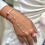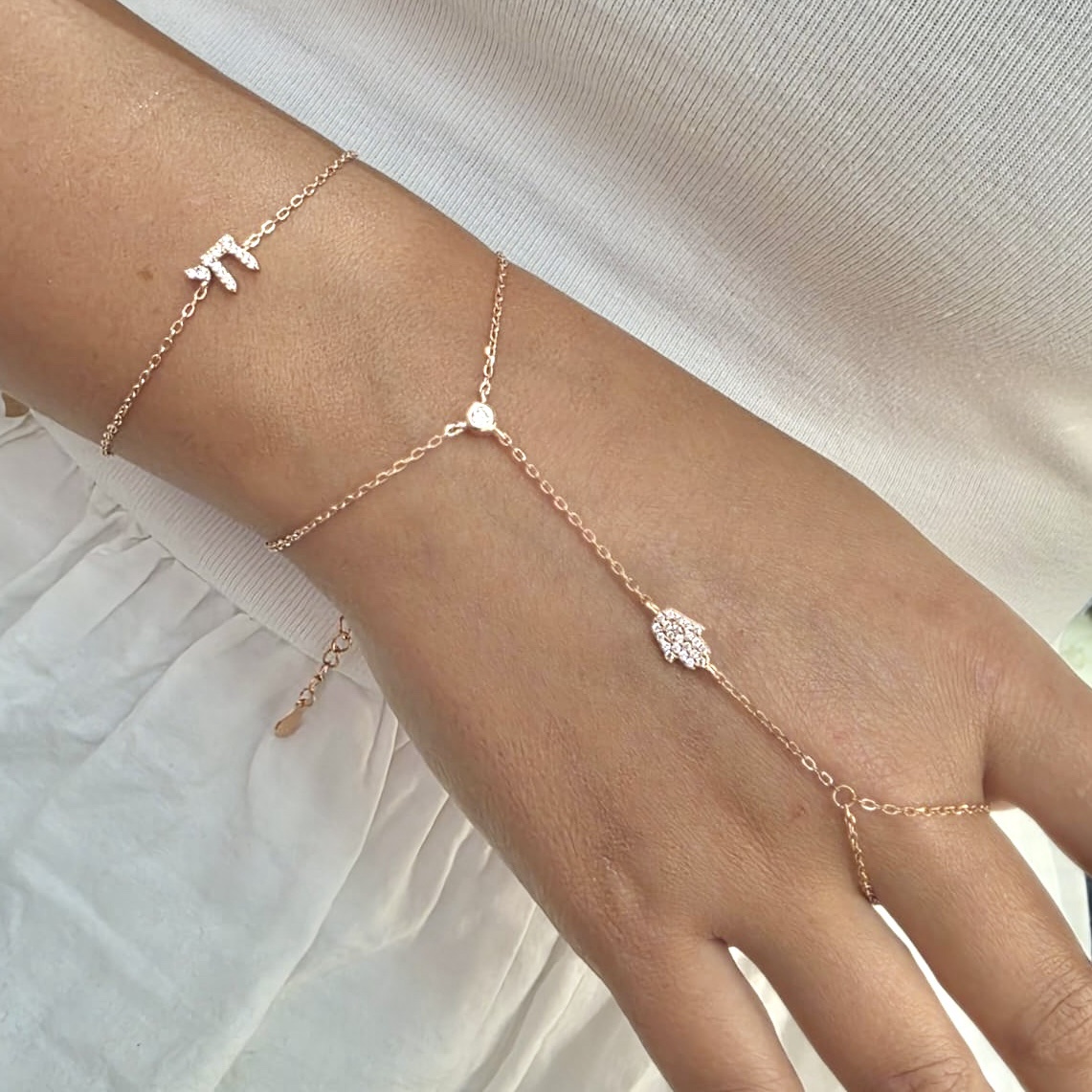 צמיד מחובר לטבעת עם תליון חמסה משובץ אבני זרקון
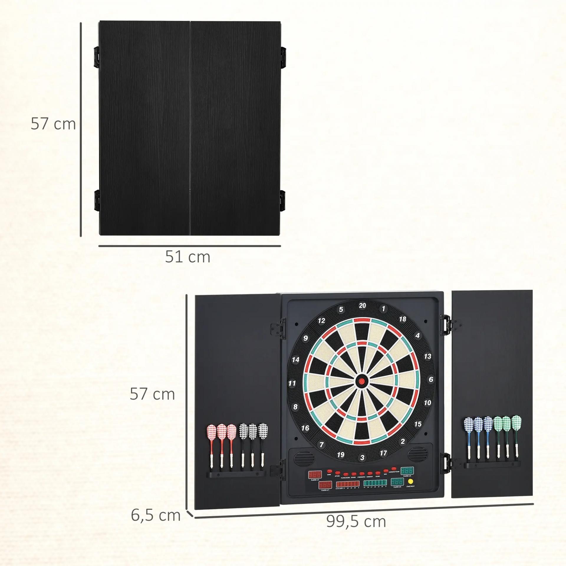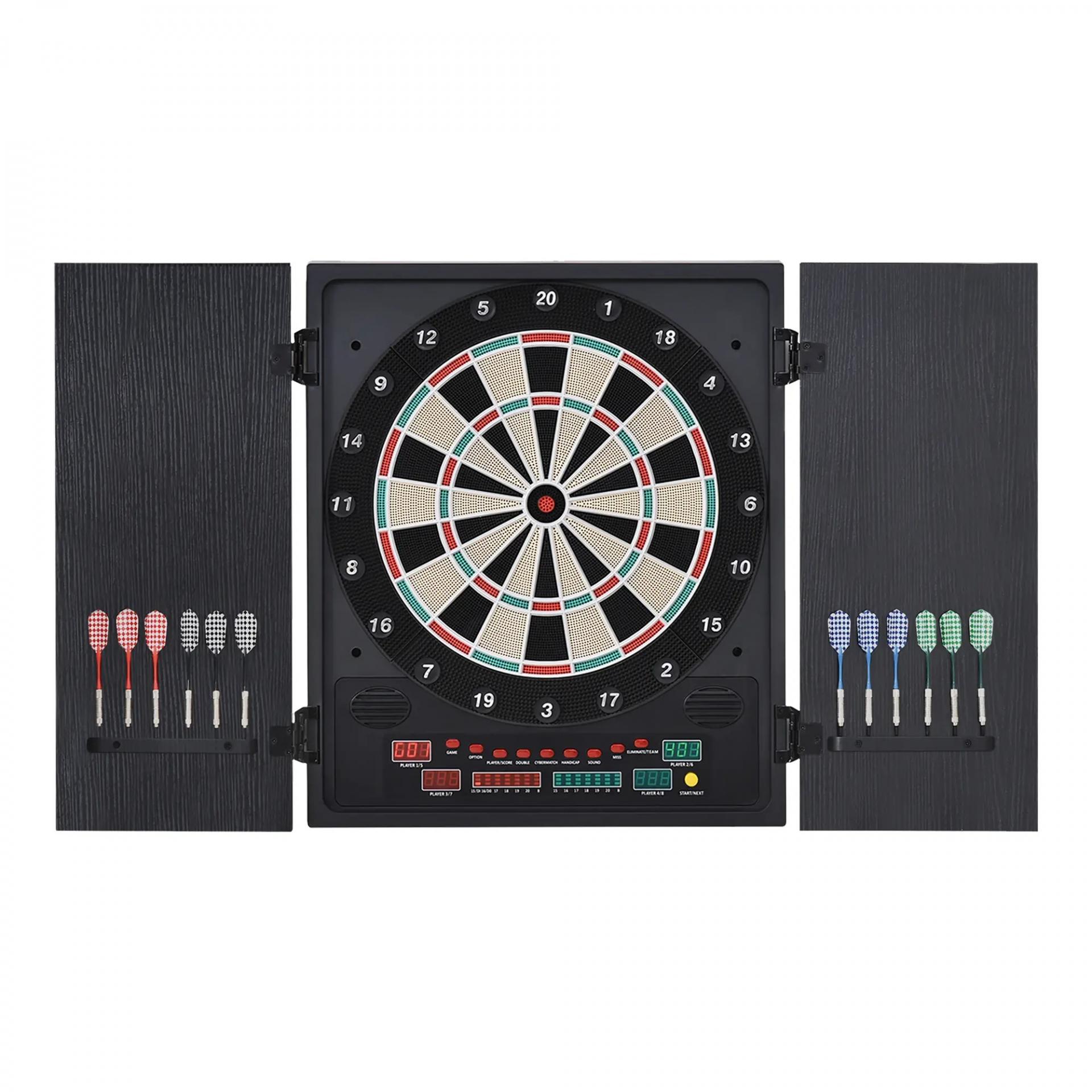 Diana Electrónica Digital hasta 8 Jugadores con 12 Dardos y 30 Puntas con Pantalla LED Puertas 27 Juegos Distintos y 202 Variantes 51x6,5x57 cm Negro
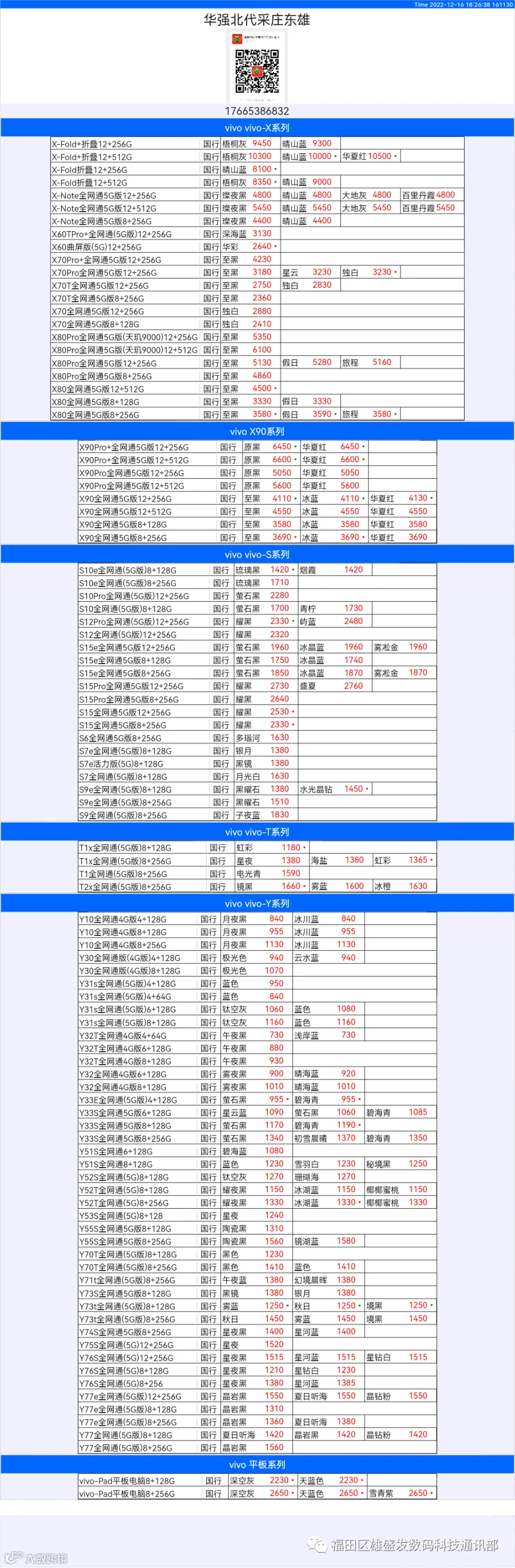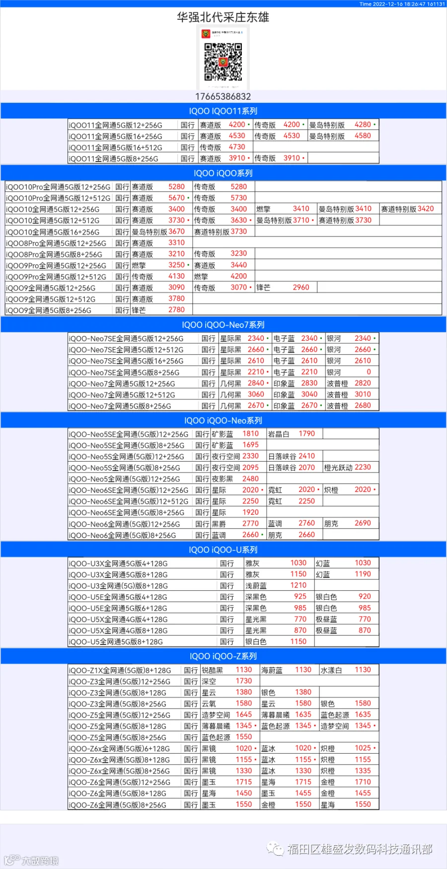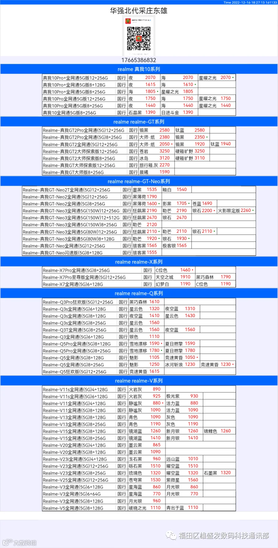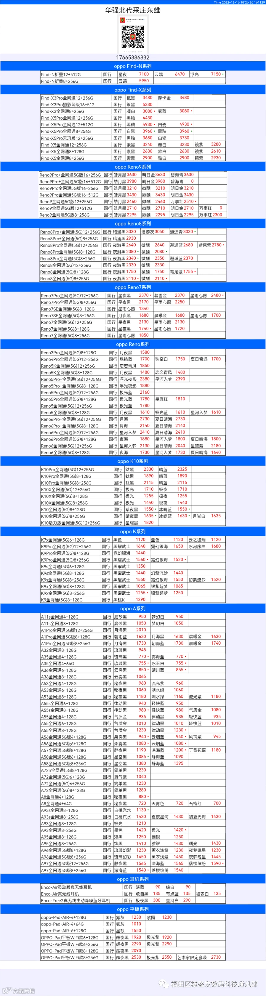 新机报价【2022年12月16日】OPPO   VIVO  IQOO   一加   真我 芯烨微 电子科技
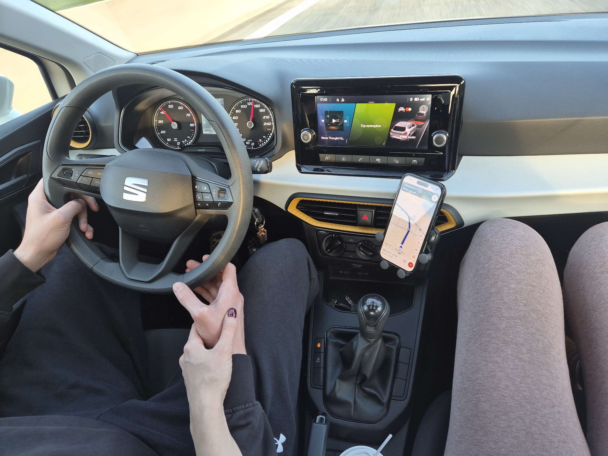 The image depicts the interior of a moving automobile, viewed from a rear passenger perspective, within the Municipal Unit of Megara, Greece. Two occupants are partially visible. The driver's hands are positioned on the black, multi-function steering wheel, bearing a "SEAT" logo. The driver wears dark long-sleeved clothing and dark sweatpants. The driver's left hand is interlaced with the right hand of the front passenger. The passenger's legs are visible, covered in light brown leggings. The passenger's right hand displays dark red nail polish. The vehicle's dashboard features a two-tone design of black and off-white/beige, with a distinctive yellow trim surrounding the central air vent on the passenger side. The instrument cluster shows an analog speedometer indicating approximately 50 km/h, and a digital display beneath it reads "08:00". The central infotainment touchscreen displays the time "17:45", music information including "Never Thought I'd..." and Greek text "Όχι αγαπημένα", and a graphic for "Front Assist". A smartphone is secured in a dashboard mount, displaying a navigation application (Google Maps) with a current speed of 42 km/h, a route to "Chaïdari", and an estimated arrival time of "17:39". The vehicle is equipped with a manual 5-speed gear shift. The center console contains keys on a keyring, a white cup with a straw, and an illuminated red hazard warning light button. Through the windshield, a clear road, consistent with a highway, is visible under bright daylight conditions.
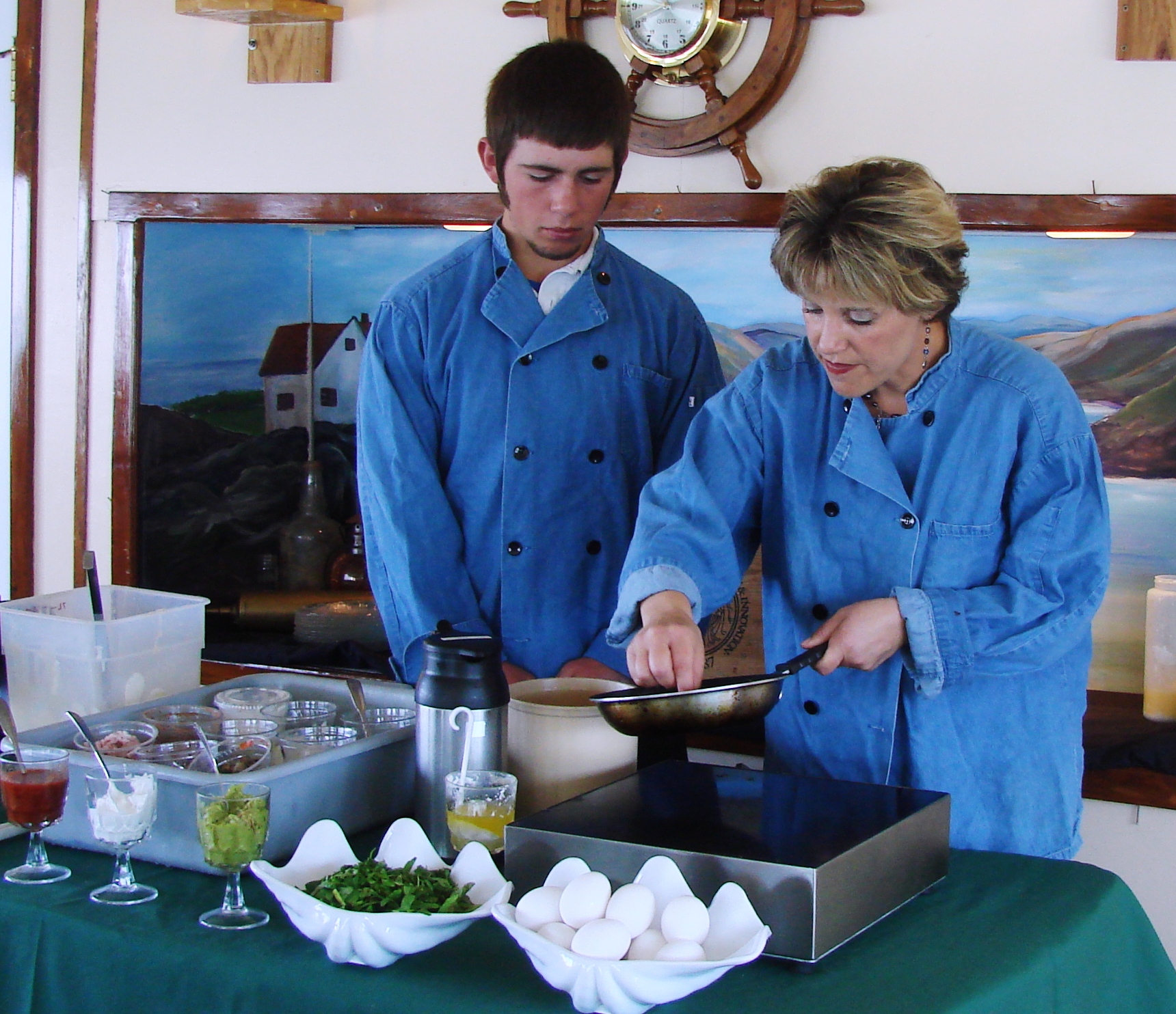 (Pictured is Annie training Arthur Able, who will become the omelette chef once Annie takes the helm as captain. Custom made omelets. Yum!)
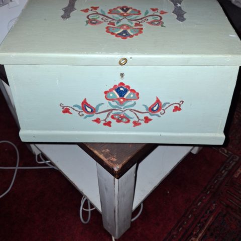 Antikt skrin ca 1920 utsmykket med pinnsvinsnåler. Noen av nålene er tapt over tiden som vist på bildene. Det mangler også nøkkel. Det vurderes alikevel pent brukt med tanke på alder. Skrinet ble kjøpt på antikvariat og dateringen er bekreftet.
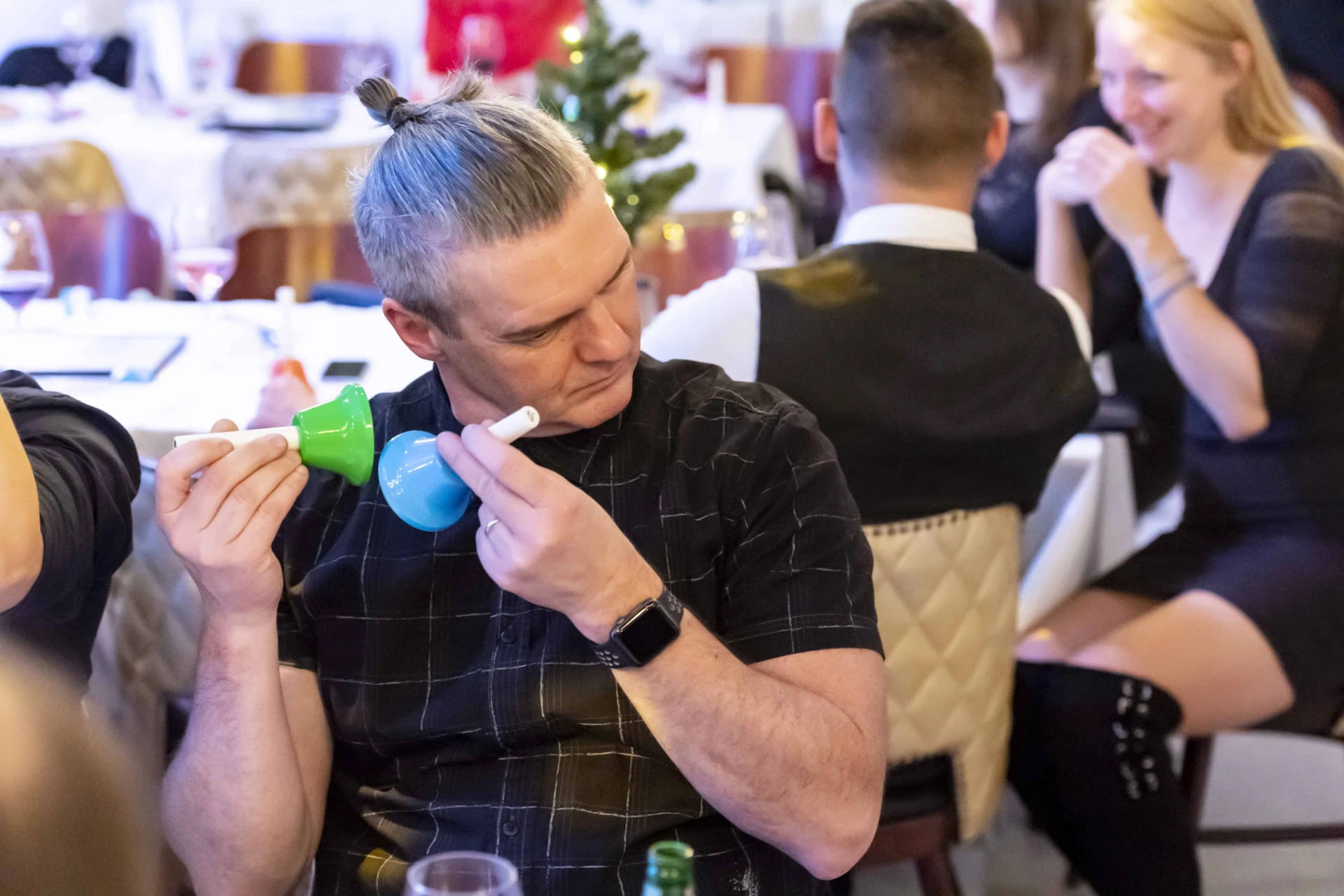 A program előtt minden vendég ülőhelyéhez elhelyezünk egy-egy csengőt, melyek különböző színűek. A 8 különböző színhez különböző hangok tartoznak. A kivetítőn megjelenő animáció tulajdonképpen egy-egy dal kottája, melyben a kottán csengők jelzik, hogy éppen mikor, melyik csengőt kell megrázniuk a vendégeknek. Itt mindenki figyel a kottára, illetve egymásra, a közös zenélés élménye pedig mindenkit magával ragad és elvarázsol. Ehhez a közös produkcióhoz nem szükséges semmilyen zenei előképzés vagy hangszerismeret, viszont egy olyan élménnyel gazdagodnak a résztvevők, melyre sokáig emlékezni fognak...
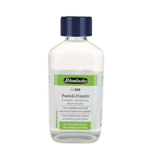 Schmincke fixative, transparent, alcohol-based, and with very little altering effect on paints.
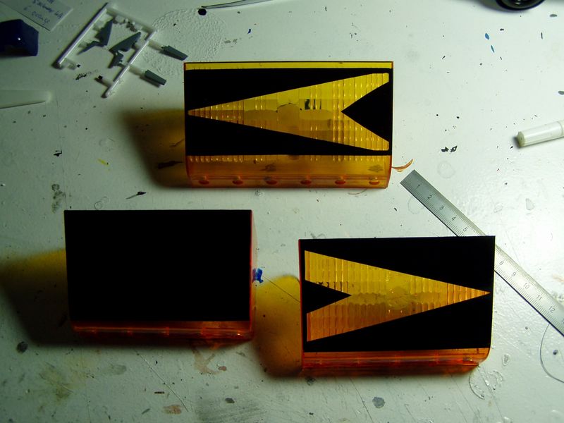 Schwarze Klebefolie aufkleben, ausschneiden. Den Pfeil anhand der Vorgaben des Originals anpassen und ebenso ausschneiden.
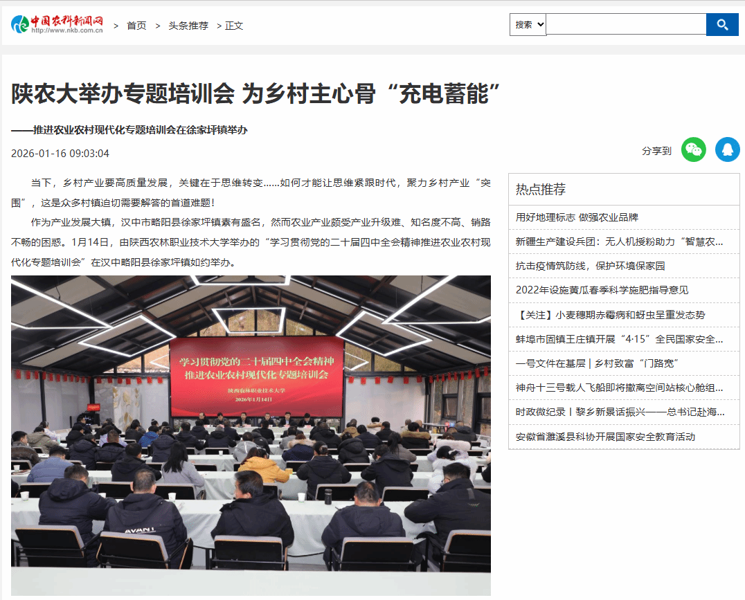 【中国农科新闻网】陕农大举办专题培训会 为乡村主心骨“充电蓄能” ——推进农业农村现代化专题培训会在徐家坪镇举办
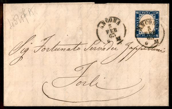 Lettera affrancata con 15 cent (11) da Ancona 5 feb. 63 per Forlė - ex coll. Provera

• • • •

Could you write the entries out again exactly, without their pictures?

◆ Result for this exercise ◆
 צמיד מחובר לטבעת עם תליון חמסה משובץ אבני זרקון
 Diana Electrónica Digital hasta 8 Jugadores con 12 Dardos y 30 Puntas con Pantalla LED Puertas 27 Juegos Distintos y 202 Variantes 51x6,5x57 cm Negro
 新机报价【2022年12月16日】OPPO   VIVO  IQOO   一加   真我 芯烨微 电子科技
 The image depicts the interior of a moving automobile, viewed from a rear passenger perspective, within the Municipal Unit of Megara, Greece. Two occupants are partially visible. The driver's hands are positioned on the black, multi-function steering wheel, bearing a "SEAT" logo. The driver wears dark long-sleeved clothing and dark sweatpants. The driver's left hand is interlaced with the right hand of the front passenger. The passenger's legs are visible, covered in light brown leggings. The passenger's right hand displays dark red nail polish. The vehicle's dashboard features a two-tone design of black and off-white/beige, with a distinctive yellow trim surrounding the central air vent on the passenger side. The instrument cluster shows an analog speedometer indicating approximately 50 km/h, and a digital display beneath it reads "08:00". The central infotainment touchscreen displays the time "17:45", music information including "Never Thought I'd..." and Greek text "Όχι αγαπημένα", and a graphic for "Front Assist". A smartphone is secured in a dashboard mount, displaying a navigation application (Google Maps) with a current speed of 42 km/h, a route to "Chaïdari", and an estimated arrival time of "17:39". The vehicle is equipped with a manual 5-speed gear shift. The center console contains keys on a keyring, a white cup with a straw, and an illuminated red hazard warning light button. Through the windshield, a clear road, consistent with a highway, is visible under bright daylight conditions.
 (Pictured is Annie training Arthur Able, who will become the omelette chef once Annie takes the helm as captain. Custom made omelets. Yum!)
 Antikt skrin ca 1920 utsmykket med pinnsvinsnåler. Noen av nålene er tapt over tiden som vist på bildene. Det mangler også nøkkel. Det vurderes alikevel pent brukt med tanke på alder. Skrinet ble kjøpt på antikvariat og dateringen er bekreftet.
 A program előtt minden vendég ülőhelyéhez elhelyezünk egy-egy csengőt, melyek különböző színűek. A 8 különböző színhez különböző hangok tartoznak. A kivetítőn megjelenő animáció tulajdonképpen egy-egy dal kottája, melyben a kottán csengők jelzik, hogy éppen mikor, melyik csengőt kell megrázniuk a vendégeknek. Itt mindenki figyel a kottára, illetve egymásra, a közös zenélés élménye pedig mindenkit magával ragad és elvarázsol. Ehhez a közös produkcióhoz nem szükséges semmilyen zenei előképzés vagy hangszerismeret, viszont egy olyan élménnyel gazdagodnak a résztvevők, melyre sokáig emlékezni fognak...
 Schmincke fixative, transparent, alcohol-based, and with very little altering effect on paints.
 Schwarze Klebefolie aufkleben, ausschneiden. Den Pfeil anhand der Vorgaben des Originals anpassen und ebenso ausschneiden.
 【中国农科新闻网】陕农大举办专题培训会 为乡村主心骨“充电蓄能” ——推进农业农村现代化专题培训会在徐家坪镇举办
 Lettera affrancata con 15 cent (11) da Ancona 5 feb. 63 per Forlė - ex coll. Provera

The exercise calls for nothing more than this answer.